# New Chicago Bulls Slogan



## jollyoscars (Jul 5, 2003)

I was just looking around the Utah Jazz forum and noticed they had a thread about Utah Jazz slogans and thought that we should make some for the CHICAGO BULLS! Try and be creative as possible and funny too. I can't think of any off the top of my head but I think good topics would be how Krause is gone, how we are bringing in all these old Bulls either on the roster or coaching staff (Pippen, Paxson, Wennington, Armstrong) and the 3 Cs.... Chandler, Curry and Crawford. Those are the best topics I could think of. Anyway have fun with this!  Oh I just thought of one, but it really isn't a slogan just a kind of phrase:


CURRY : CALM
CRAWFORD : COOL
&
CHANDLER : CHAOTIC


----------



## DaBullz (Jul 15, 2002)

Wait till next year!


----------



## BEEWILL (Apr 13, 2003)

> Originally posted by <b>DaBullz</b>!
> Wait till next year!



Who you talking to your avatar?


----------



## BullFan16 (Jun 2, 2003)

the 3 c's (curry chandler crawford). Thiers only 2 c's in success but we thier beyond that!


----------



## thunderspirit (Jun 25, 2002)

> Originally posted by <b>DaBullz</b>!
> Wait till next year!


hey! no fair stealing that from us Cubs fans! :laugh:


----------



## dsakilla (Jun 15, 2003)

How about WE'RE BACK...since it has been awhile since the Bulls have been competitive.


----------



## shazha (Nov 20, 2002)

well during the bulls losing years, they were labelled the "Beatabulls"

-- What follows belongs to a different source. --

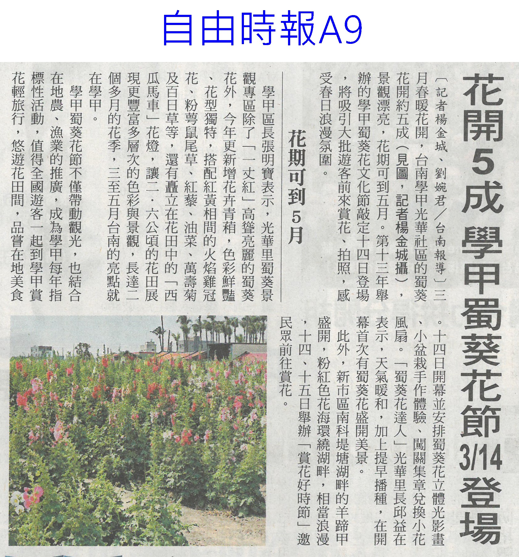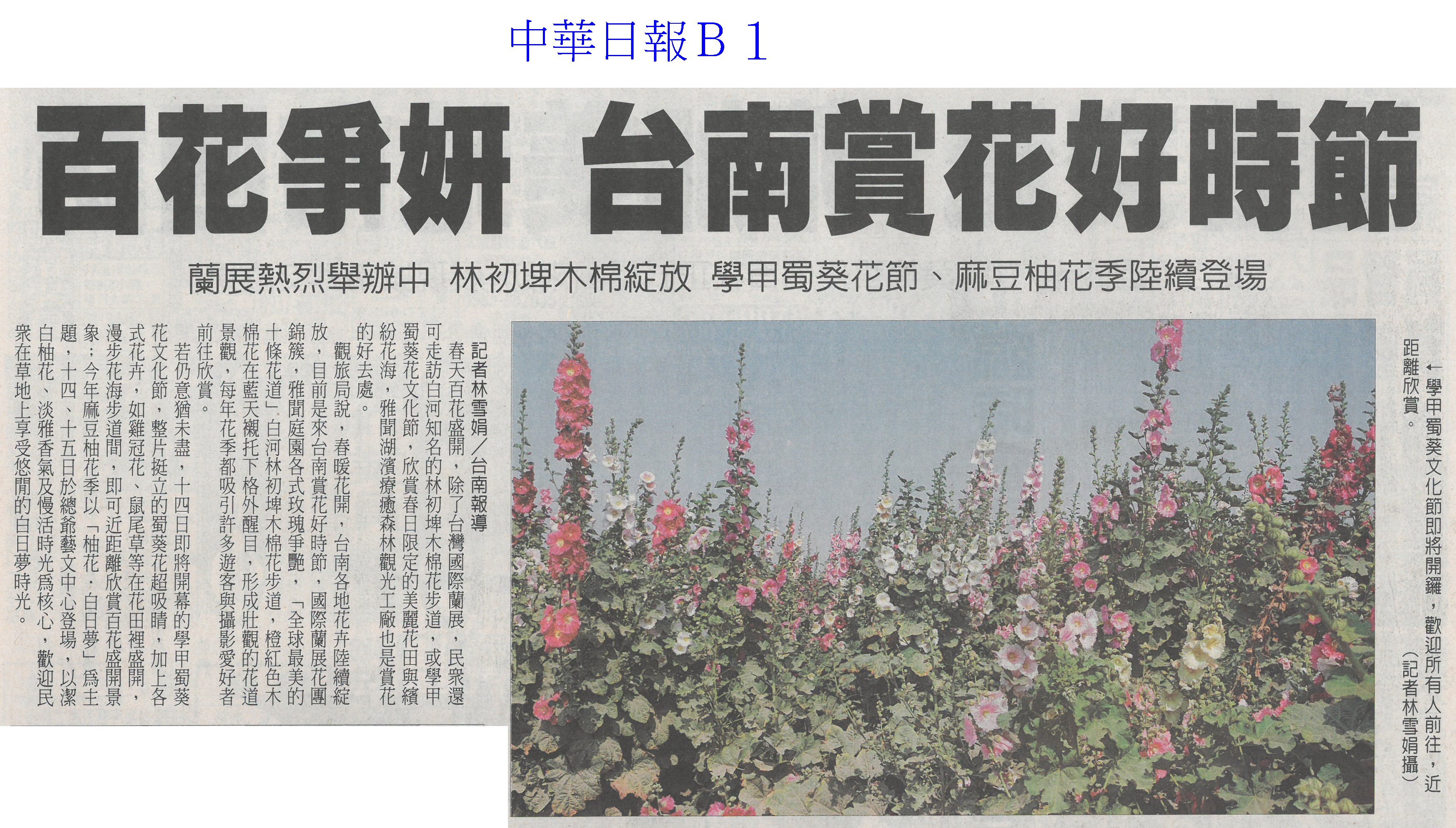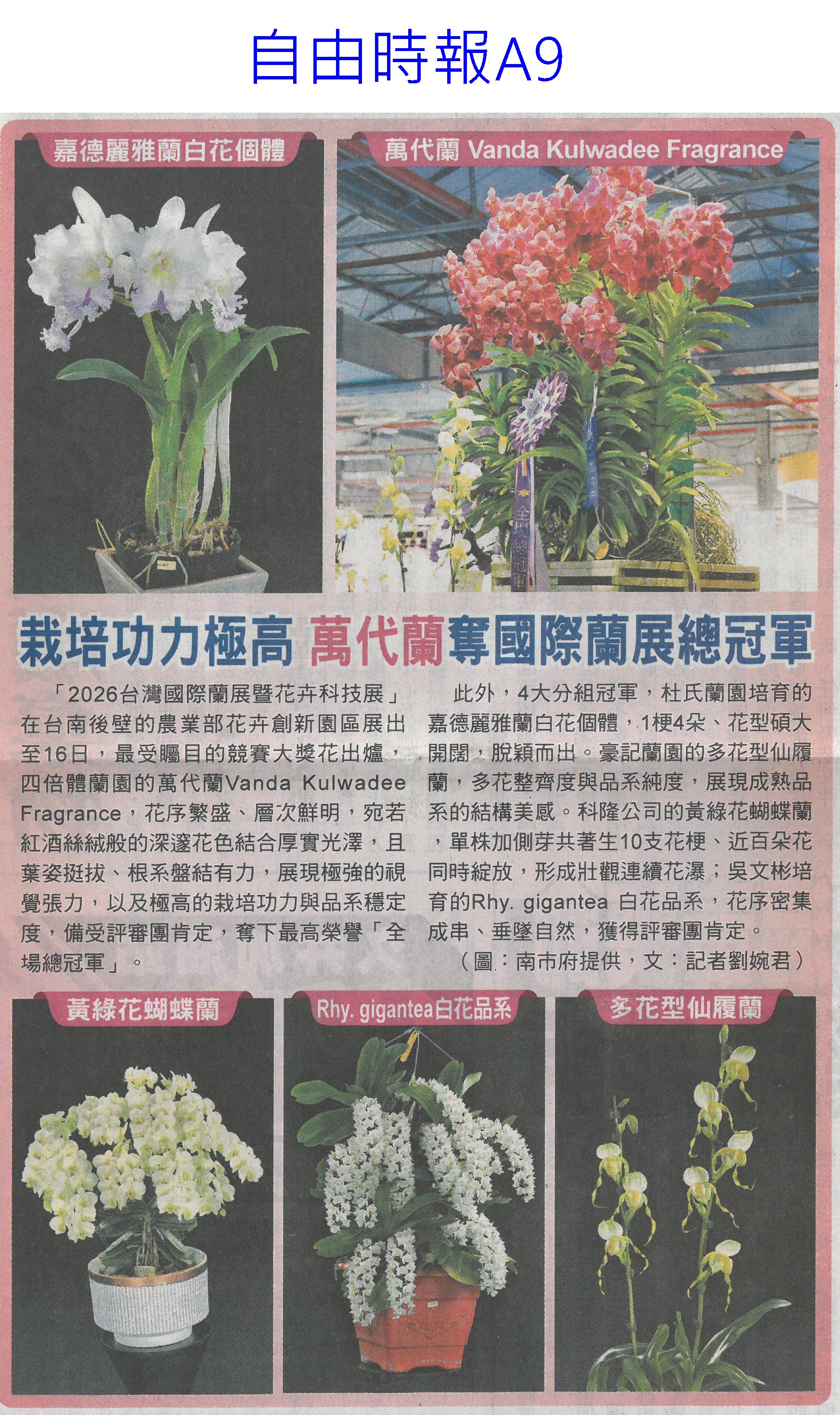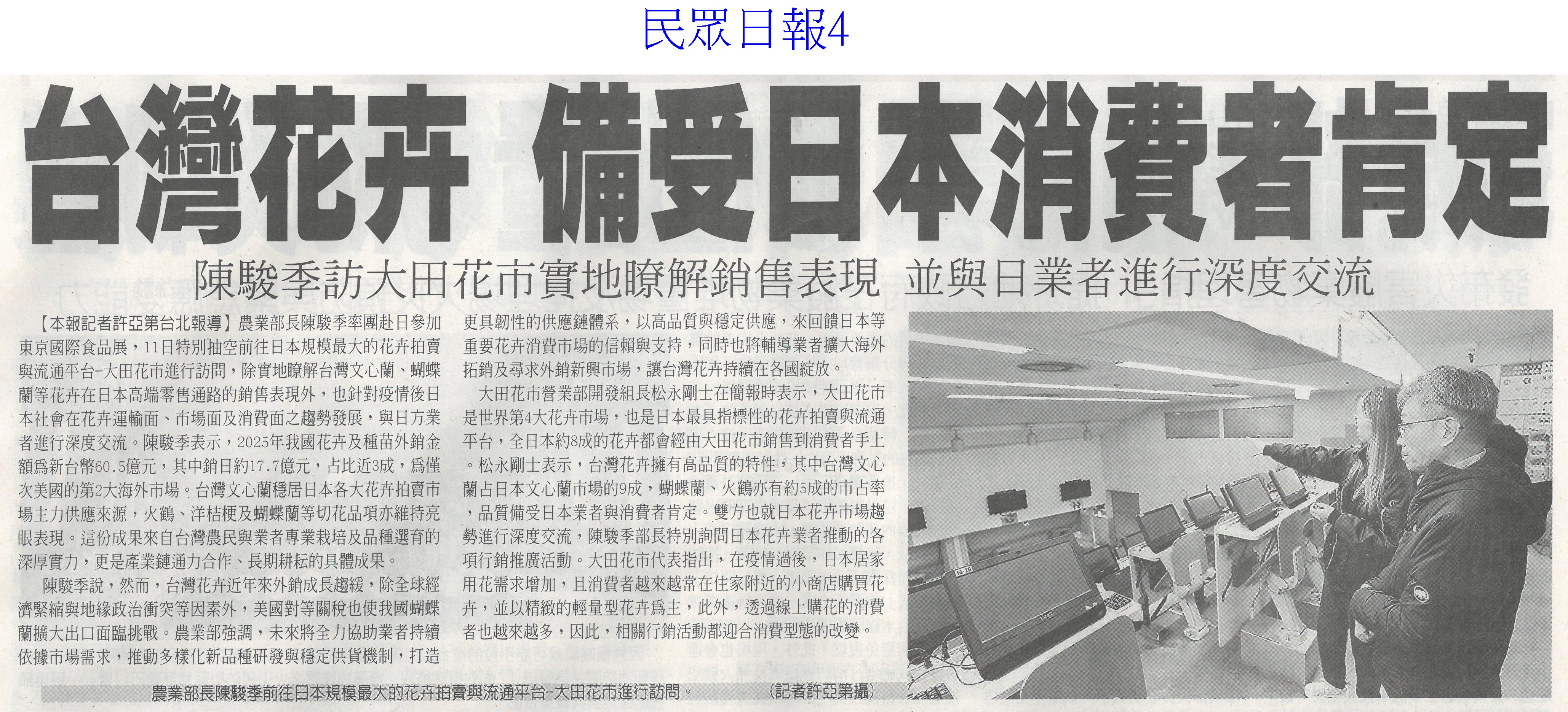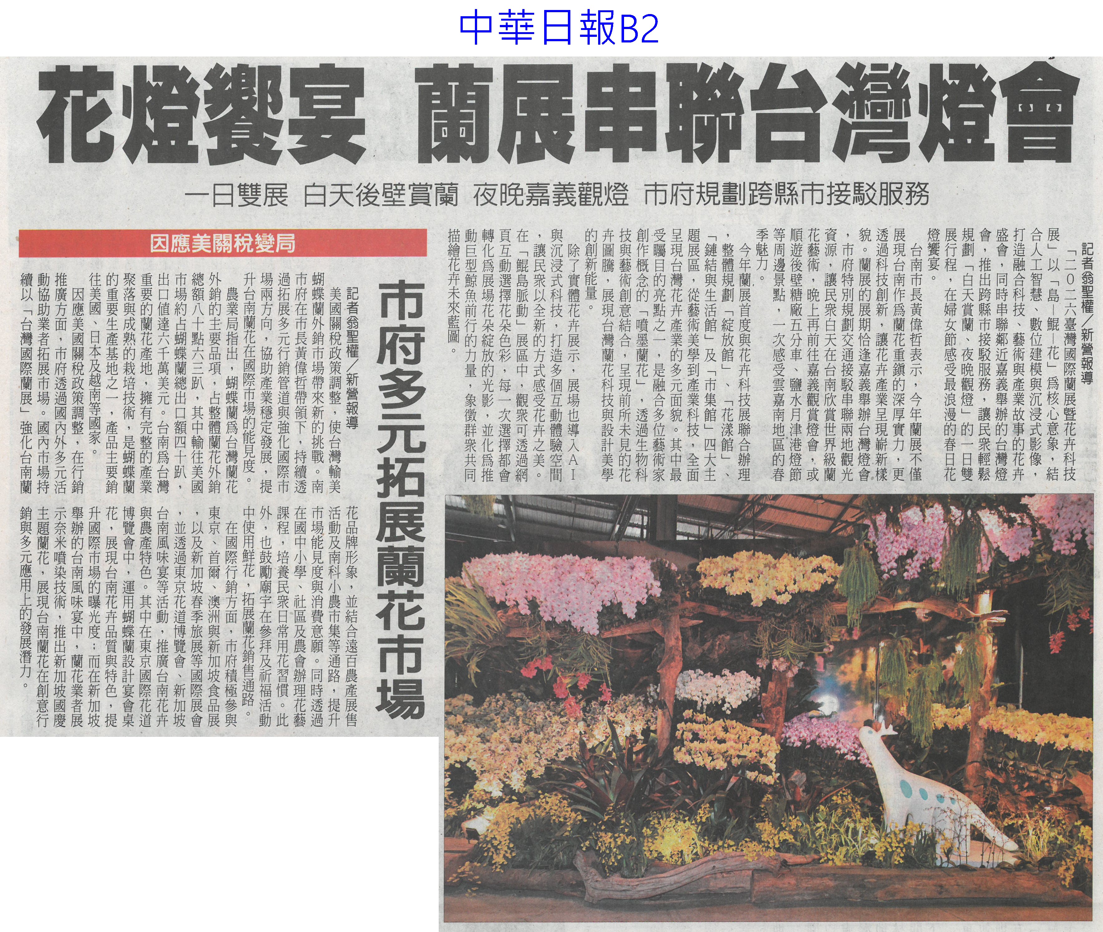 首頁花現新聞 花現新聞 排序 發布日期 更新日期 序號 發布日期 標題 41. 115/03/13 栽培功力極高 萬代蘭奪國際蘭展總冠軍(自由時報A9) 42. 115/03/13 台南百項農漁產 東京食品展亮相(自由時報A11) 43. 115/03/13 台灣國際蘭展 四倍體蘭園奪全場總冠軍(臺灣時報9) 44. 115/03/13 嘉縣推動智慧農業 最高補助(中國時報A9) 45. 115/03/13 雲林良品 東京買氣強強滾(台灣新生報6) 46. 115/03/13 百花爭妍 台南賞花時節(中華日報B1) 47. 115/03/13 台南AI市長上場 東京食品展推銷農產(自由時報A9) 48. 115/03/13 台灣花卉 備受日本消費者肯定(民眾日報4) 49. 115/03/10 花開5成 學甲蜀葵花節3/14登場(自由時報A9) 50. 115/03/10 黃偉哲送火鶴花給市府員工(民眾日報6) 51. 115/03/10 台南有機專區三代接力(中國時報A9) 52. 115/03/10 花燈饗宴 蘭展串聯台灣燈會(中華日報B2) 53. 115/03/10 質譜快檢車 進駐太保農會(民眾日報12) 54. 115/03/10 陳駿季赴東京食品展 搶攻外銷市場(民眾日報6) 55. 115/03/10 台灣農特產 躍上世界舞台(中國時報A9) 56. 115/03/06 開拓清真市場 雲林農產赴中東(中國時報A9) 57. 115/03/06 極危野生櫻石斛 復育存活率逾7成(自由時報A7) 58. 115/03/06 水情緊張 寶二 曾文水庫蓄水率僅4成(聯合報A9) 59. 115/03/06 東京國際食品展 嘉市好店搶商機(民眾日報12) 60. 115/03/06 迎接婦女節 黃偉哲贈火鶴花「乎好」祝福女性健康快樂 第 3/128 頁,共 2560 筆上一頁到第123456789101112131415161718192021222324252627282930313233343536373839404142434445464748495051525354555657585960616263646566676869707172737475767778798081828384858687888990919293949596979899100101102103104105106107108109110111112113114115116117118119120121122123124125126127128頁下一頁每頁103070筆資料

in a few years u guys might call urselves the "unbeatabulls"


----------



## Bullsmaniac (Jun 17, 2002)

Back to the Future!!!


----------



## TwinkieTowers (Jul 16, 2002)

How about "I want it that way."

Keeping up with the Backstreet Boys, with "Larger than life" being last year's slogan.


----------



## BEEWILL (Apr 13, 2003)

Forth to the Past


----------



## TwinkieTowers (Jul 16, 2002)

How about

"[edit] THE PAST"

because that's what we Bulls fans need to do. It's as sad as Bears fans still talking about the 1985 Super Bowl.


----------



## BEEWILL (Apr 13, 2003)

> Originally posted by <b>TwinkieTowers</b>!
> How about
> 
> "[edit] THE PAST"
> ...


I was mocking the back to the future


----------



## RoddneyThaRippa (Jun 28, 2003)

"Time for a Bulls hitting year"


----------



## RoddneyThaRippa (Jun 28, 2003)

Whoa, I left out a space: 

"Time for a Bull****ting year". 

My bad.


----------



## BEEWILL (Apr 13, 2003)

> Originally posted by <b>RoddneyThaRippa</b>!
> Whoa, I left out a space:
> 
> "Time for a Bull****ting year".
> ...


:no:


----------



## DaBullz (Jul 15, 2002)

> Originally posted by <b>thunderspirit</b>!
> 
> hey! no fair stealing that from us Cubs fans! :laugh:


Ok, you're right. No stealing from Cubs fans.

So, here's my 2nd try...

"The season doesn't really start until March, but please buy tickets for the rest of the games anyway"

Peace =)


----------



## Bulls4Life (Nov 13, 2002)

How about,
*"Running through the league like "ex-lax""* 

 

Or


*"Blood On The Horns Part 2"* 

:grinning: 


Or


*"C, C, C You In The Finals!"*


----------



## jollyoscars (Jul 5, 2003)

> Originally posted by <b>Bulls4Life</b>!
> How about,
> *"Running through the league like "ex-lax""*
> 
> ...


those ones are especially sweet, good job everyone so far :grinning:


----------



## InPaxWeTrust (Sep 16, 2002)

For those wrestling fans out there like myself:


Crawford, Curry, and Chandler - 


S - Sure

H - Hall of Famers 

I - In

T - Training


----------



## robg (Jul 19, 2002)

Please Win:stupid:


----------



## jollyoscars (Jul 5, 2003)

> Originally posted by <b>basghetti80</b>!
> For those wrestling fans out there like myself:
> 
> 
> ...


= CLASSIC :grinning:


----------